Ladies League Baseball
- Sport: Baseball
- Founded: 1997
- Folded: 1998
- Country: United States

= Ladies League Baseball =

American women's baseball league

After the 1992 movie A League of Their Own, a film based on the All-American Girls Professional Baseball League, the Ladies Professional Baseball League, also known as the Ladies League Baseball, was founded in 1997. The first five teams in the league were the San Jose Spitfire, San Francisco Bay Sox, Long Beach Aces, Phoenix Peppers and Los Angeles Legends. It was the first professional women's baseball league to operate in the U.S. since the All-American Girls Professional Baseball League ceased operations in 1954.

==1997 season==
In the 1997 season, the league initially consisted of five teams: the San Jose Spitfire, San Francisco Bay Sox, Long Beach Aces, Phoenix Peppers and Los Angeles Legends. Midway through the season, the league merged together the Spitfire and Bay Sox due to issues with completing their rosters, with the Spitfires absorbing the Bay Sox in the merger. In the league's championship the San Jose Spitfires defeated the Los Angeles Legends. Janelle T. Frese of the Los Angeles Legends won the Ladies League Baseball "Most Outstanding Pitcher" award for the 1997 season.

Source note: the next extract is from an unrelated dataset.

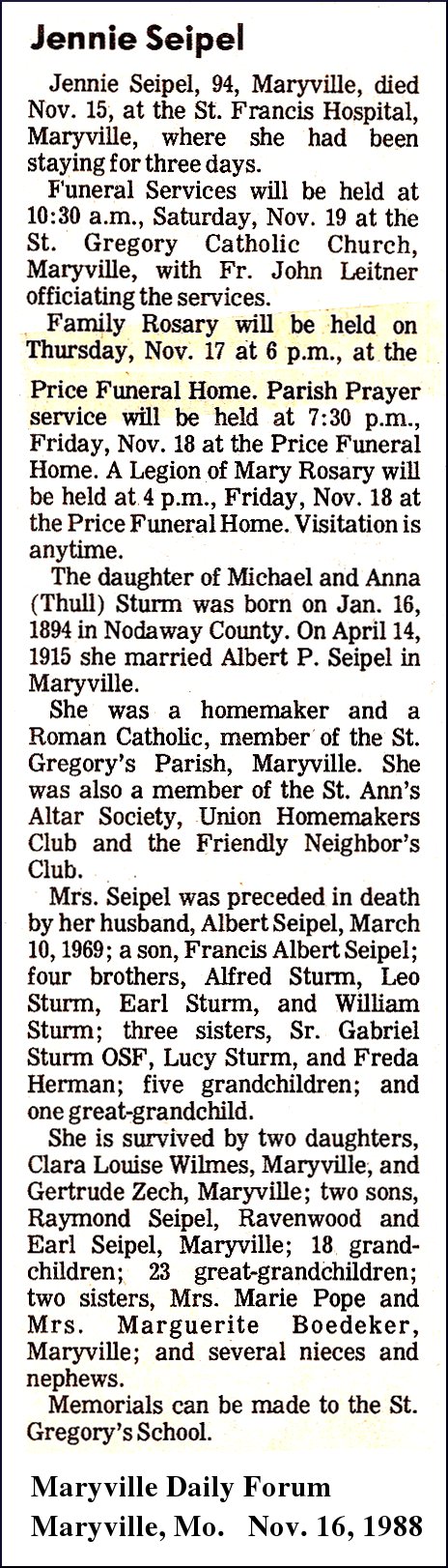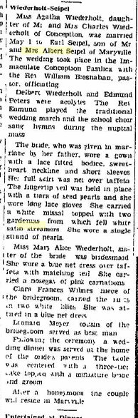 Raymond Earl Seipel, 93, Maryville, Missouri, died Saturday, June 15, 2013 at Parkdale Manor Care Center, Maryville. Raymond was born to Albert Phillip and Jennie Martha (Sturm) Seipel on September 2, 1919 at Maryville, Missouri. On January 15,1946, Raymond and Eileen Rosalia Wiederholt were married at the Conception Abbey, in Conception Missouri. Raymond was a World War II Veteran and served in the South Pacific with the US Army. He returned home and farmed in the Ravenwood area and was very involved in activites at his church, St. Gregory Barbarigo Catholic Church in Maryville. He was a former member of St. Columba Parish, Conception Jct., Missouri. He was preceded in death by his wife Eileen (June 1, 2013), son Stephen Seipel (1957), brother Francis Albert Seipel, and sisters Clara Louise Wilmes and Mary Gertrude Zech. Raymond is survived by three sons: Mark (Beth) Seipel, Macomb, Illinois, Philip (Linda) Seipel and Chris (Sandy) Seipel, both of Ravenwood, Missouri, two daughters, Julie (William) Whitsitt, Dallas,Texas and Sara Marshall, New Canaan, Connecticut, eleven grandchildren, four great-grandchildren and brother Earl Seipel, Maryville. A parish rosary will be held at 5:00 PM Monday, June 17, at St. Gregory Barbarigo Catholic Church, Maryville, followed by a visitation from 5:30-7:30 PM. Mass of Christial Burial will be 10:00 AM, Tuesday, June 18, also at St. Gregory Barbarigo Catholic Church, with burial in St. Columba Cemetery, Conception, Missouri. |

In 1997 the Long Beach Aces played at Blair Field in Long Beach, California, the home of the Long Beach State University baseball program. They were coached by Don Barbara, former professional player and assistant coach at Sacramento State. Barbara played at Long Beach State and was a Dirtbag assistant coach, later becoming the head recruiter and hitting coach at Sacramento State.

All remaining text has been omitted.